Zadymy pod SN ujawniają głębokie komunistyczne korzenie "obronców demokracji"...
Broniąc ostatniego bastionu komuny i elyty III RP czyli SN - "totalni" kompromitują się zupełnie, wymyślając coraz bardziej groteskowe akcje. Gdy nie udało się sprowokować policji w gorących dniach uchwalania noweli ustawy o SN a parlamentarzyści rozjechali się na wakacje, jakiś mądry inaczej szKODnik urodził pomysł ustrajania pomników w całym kraju "koszulkami" z napisem - "konstytucja". Kretynizmu tej prowokacji wyjaśniać raczej nie trzeba. Konstytucja z 1997 roku napisana zgodnie przez "czerwonych" z "różowymi", przez Geremka razem z Cioskiem i Kwaśniewskim jest symbolem wszelkich patologii III RP, Jej niespójne i nieprecyzyjne zapisy od lat są gwarancją oszukiwania narodu przez elytę. Konieczność jej zmiany to oczywistość...
Po fiasku referendalnego tasiemca pytań niezrozumiałych i nieczytelnych, pan prezydent "odda" zapewne większości sejmowej wetując nowelizację kodeksu wyborczego w części dotyczącej wyborów do PE. Przegłosowane w parlamencie zmiany prowadziły wprost do duopolu wśród europosłów. Tylko PiS i PO miałyby szansę wygrać te wybory w niedużych okręgach, eliminując kandydatów innych ugrupowań. Pozostawienie poprzednich rozwiązań przywróci szanse mniejszych komitetów, dając zapewne bonus prącemu do góry SLD a może także komuś jeszcze. Ano zobaczymy...

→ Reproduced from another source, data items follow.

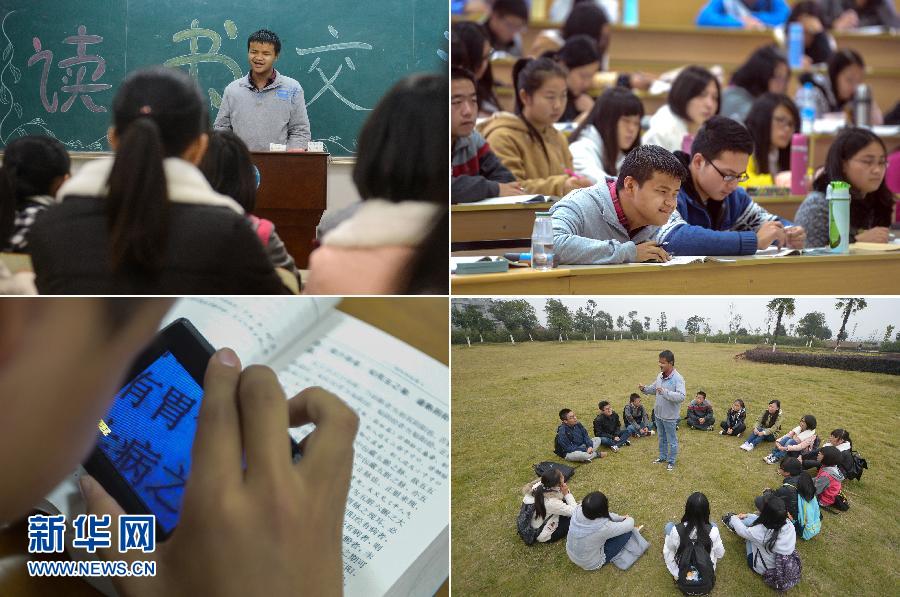 这是一张拼版照片:左上:11月26日,张耀东参加读书交流会,畅谈读书心得。 右上:11月26日,张耀东和同学一起在课堂上听课。左下:11月26日,张耀东借助电子放大镜读书。右下:11月26日,张耀东为同学们表演秦腔。凭借着拉二胡和唱秦腔的本领,张耀东参加了基础医学院学生会文艺部。今年18岁的张耀东来自甘肃天水,小时候因视神经萎缩导致左眼失明,右眼视力仅有0.02,在医学上被认定为盲人。今年夏天,张耀东通过高考进入湖北省中医药大学,成为我国第一位通过全国统一考试被大学录取的盲人。眼下,张耀东正在湖北省中医药大学基础医学院学习。虽然学习生活多有不便,但他相信通过付出更多的时间与努力,自己一定会圆满完成学业。 3月28日,教育部下发《关于做好2014年普通高校招生工作的通知》,提出“有盲人参加考试时,为盲人考生提供盲文试卷、电子试卷或由专门的工作人员予以协助。”为盲人参加高考提供了条件。据介绍,张耀东参加高考时,当地教育主管部门为他专设一人考场,考卷文字也放大到了一号大小,仅文综一门的试卷就厚达67页。新华社记者 程敏 摄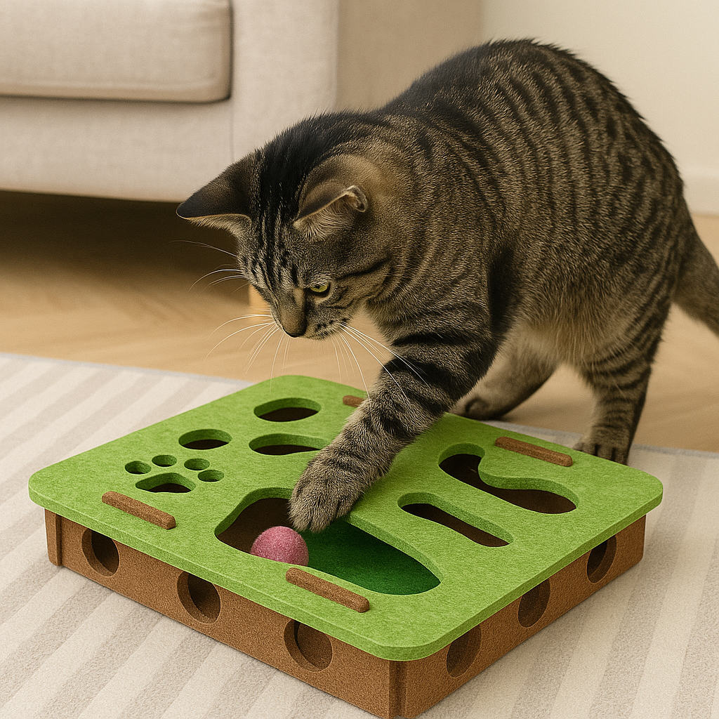Šī interaktīvā mīklu kastīte ar bumbiņām ir tieši tas rotaļlietu veids, kas nodarbina kaķi uz ilgu laiku un ļauj tai izlikt enerģiju dabiskā, drošā veidā.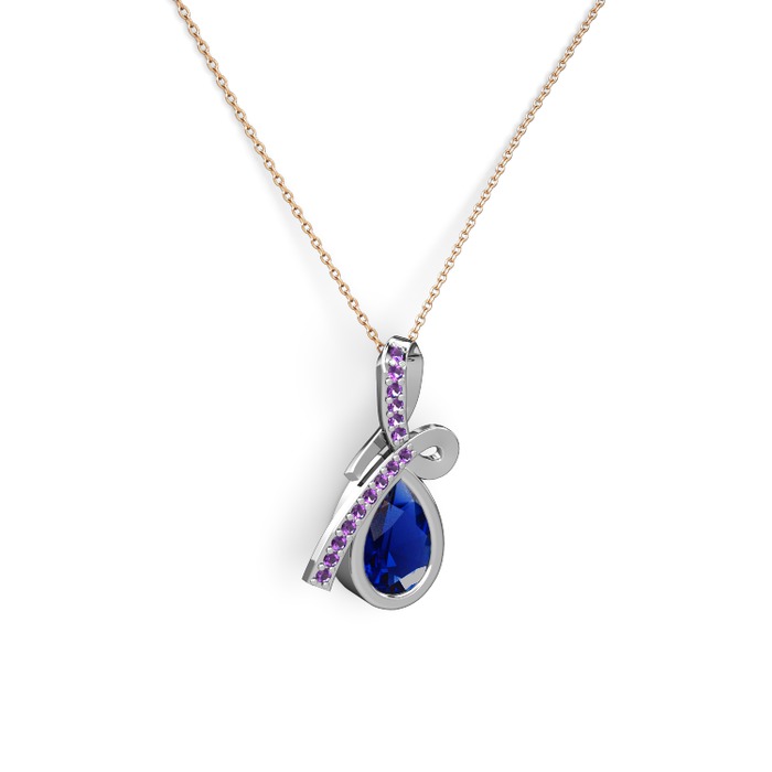 Ametist ve lab safir 925 ayar gümüş kolye (40 cm gümüş rolo zincir)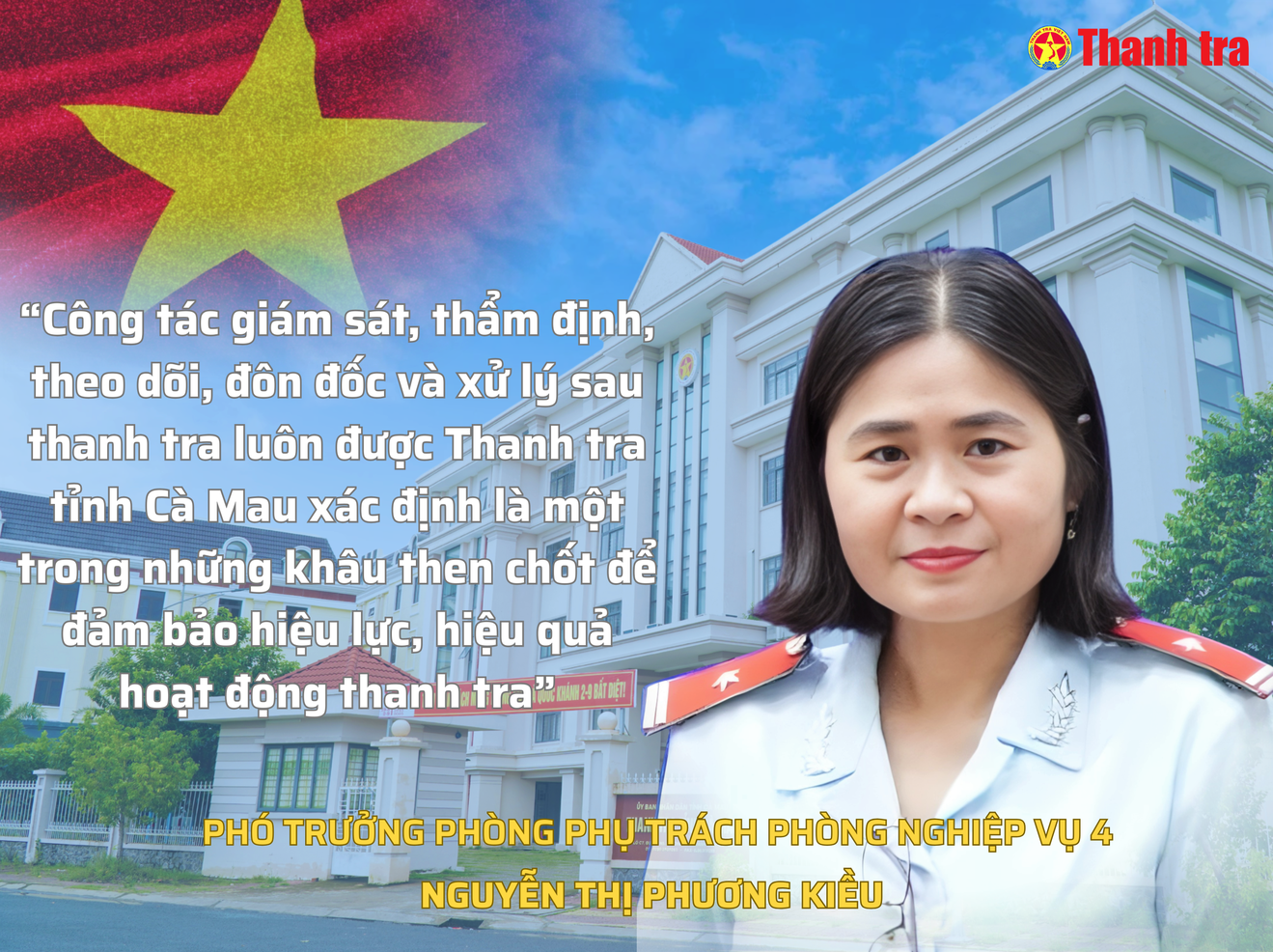 Bà Nguyễn Thị Phương Kiều: Có thể khẳng định rằng, công tác giám sát, thẩm định, theo dõi, đôn đốc và xử lý sau thanh tra luôn được Thanh tra tỉnh Cà Mau xác định là một trong những khâu then chốt để đảm bảo hiệu lực, hiệu quả hoạt động thanh tra.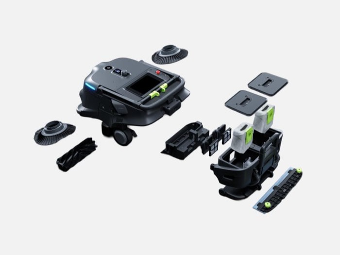 Modulare Komponenten sind für einen schnellen Austausch konzipiert. Staubwischer, Staubbehälter, Abfallbehälter, Hauptbürste und Seitenbürsten lassen sich in Sekundenschnelle ohne Werkzeug austauschen – das spart Zeit und senkt Wartungskosten.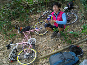 在某個下滑處, Lance 遺失了打氣筒, 其實也不是沒找到, 可是那打氣筒高掛在上風處, 我們正努力下滑中, Lance 不想再爬上去拿那個打氣筒了。我想也沒多少人扛著單車想在上去拿, 當作做公德, 如果你剛好也是帶著單車, 又那麼剛好破胎, 那就幫上忙了。我的前燈在下滑時也碰掉了, 可是運氣很好, 在往上爬時, 竟然讓我發現, 失而復得, 可喜可賀。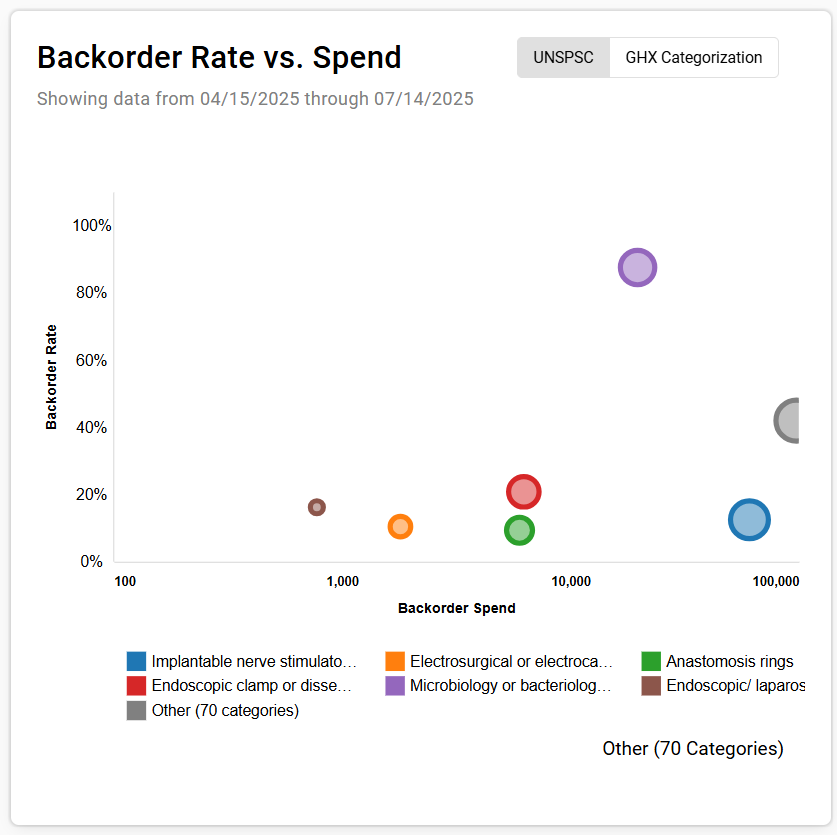 The Backorder Rate vs. Spend section compares the rate of backorders against the total spend over the past six months. It highlights potential supply chain inefficiencies and helps in evaluating supplier reliability and performance. You can view these backorder rates vs. spend for a specific UNSPSC commodity category or GHX product category.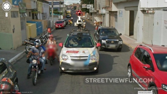 Google driver photographed by Google cameras, driving Google car
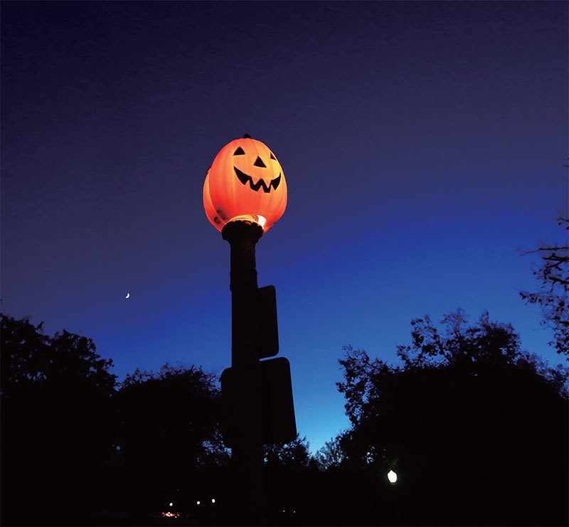 2022 年10 月29 日,加州洛杉磯漢考克公園附近一個萬聖節燈飾。(David Swanson / AFP)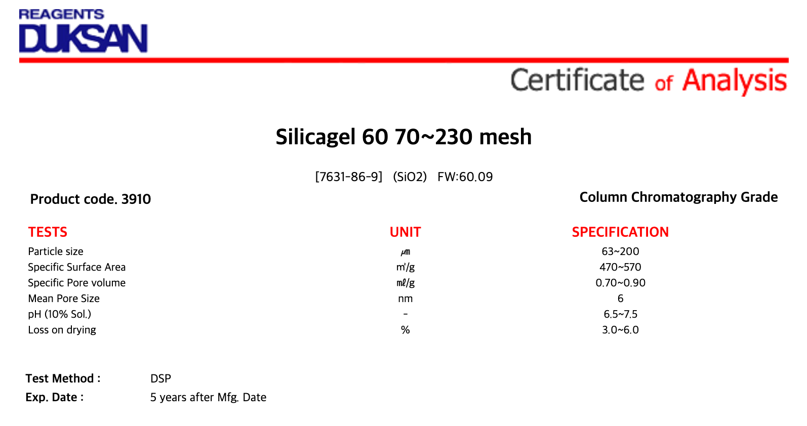 [3910] Silicagel 60 70~230 mesh, Column Chromatography, 1 kg, CAS# 7631-86-9 + 90,700원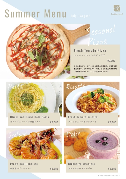 メニューテンプレートで無料デザイン作成 - デザインAC。
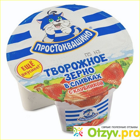 При смешивании получается очень вкусный готовый продукт – идеальный перекус на работе или легкий диетический ужин. В отличие от белорусского зерненого творога, творожок «Простаквашино» гораздо легче найти в российских магазинах, а по вкусу он практически не уступает ему. Рекомендую попробовать вам самим и сравнить. ))
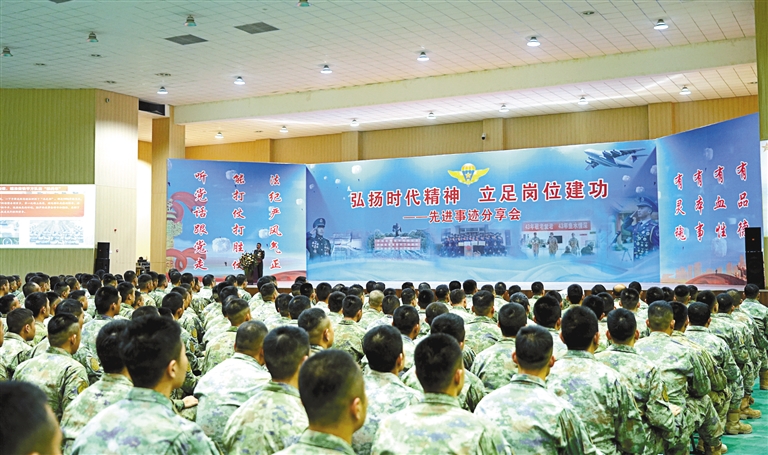 强化典型示范引领,激发干事创业热情。一段段感人述说彰显入伍从军的坚定信念,一幕幕动人画面展现强军奋斗的磅礴力量。近日,西藏军区某部一级军士长王宇受邀赴空降兵某部参加“弘扬时代精神,立足岗位建功”主题先进事迹分享会,为官兵讲述扎根雪域高原的强军故事。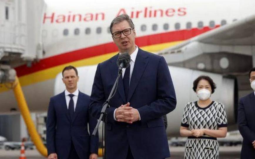 塞尔维亚总统武契奇赴机场迎接首班北京—贝尔格莱德直航航班7月16日,塞尔维亚总统武契奇在贝尔格莱德尼古拉·特斯拉机场为海南航空执飞的首班北京至贝尔格莱德直航航班举行欢迎仪式。乘坐首航航班返塞的中国驻塞

Za to milowymi krokami zbliżają się ważniejsze dla Polaków wybory samorządowe. Nie przeceniałbym sondażowych "sukcesów" Zjednoczonej Prawicy, szczególnie tutaj - na zachodzie kraju. Wydaje się, że nie uda się zdobyć większości w sejmiku dolnośląskim, podobnie jak "odwojować" miast prezydenckich. Na razie liderzy nasi wykazują się urlopowym spokojem, skończy się jak zawsze - improwizacja w ostatniej chwili. Krótka kampania wyborcza sprzyjać będzie zakorzenionym mocno lokalnym samorządowcom, mającym środki i zaplecze do takiej szybkiej walki. Konkludując - pięć albo sześć zachodnich województw jest dla PiS straconych. Ciekawe czy kiedykolwiek dojdzie do rozliczenia odpowiedzialnych za to liderów, tych samych od lat...?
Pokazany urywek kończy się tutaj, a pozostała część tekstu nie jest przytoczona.